== Segment start ==

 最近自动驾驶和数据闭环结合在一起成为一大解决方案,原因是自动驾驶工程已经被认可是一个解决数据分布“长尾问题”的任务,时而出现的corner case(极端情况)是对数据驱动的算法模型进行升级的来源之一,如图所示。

== Segment end ==
== Segment start ==

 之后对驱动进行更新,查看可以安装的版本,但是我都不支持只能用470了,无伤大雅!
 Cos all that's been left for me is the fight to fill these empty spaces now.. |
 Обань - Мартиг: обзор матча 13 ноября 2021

== Segment end ==

Task description: Please, from the entries above, set down exactly the lines from the one containing "之后对驱动进行更新,查看可以" through the one containing "Обань - Мартиг: обзор матча 13 ноября 2021", and only those.

Task response:
 之后对驱动进行更新,查看可以安装的版本,但是我都不支持只能用470了,无伤大雅!
 Cos all that's been left for me is the fight to fill these empty spaces now.. |
 Обань - Мартиг: обзор матча 13 ноября 2021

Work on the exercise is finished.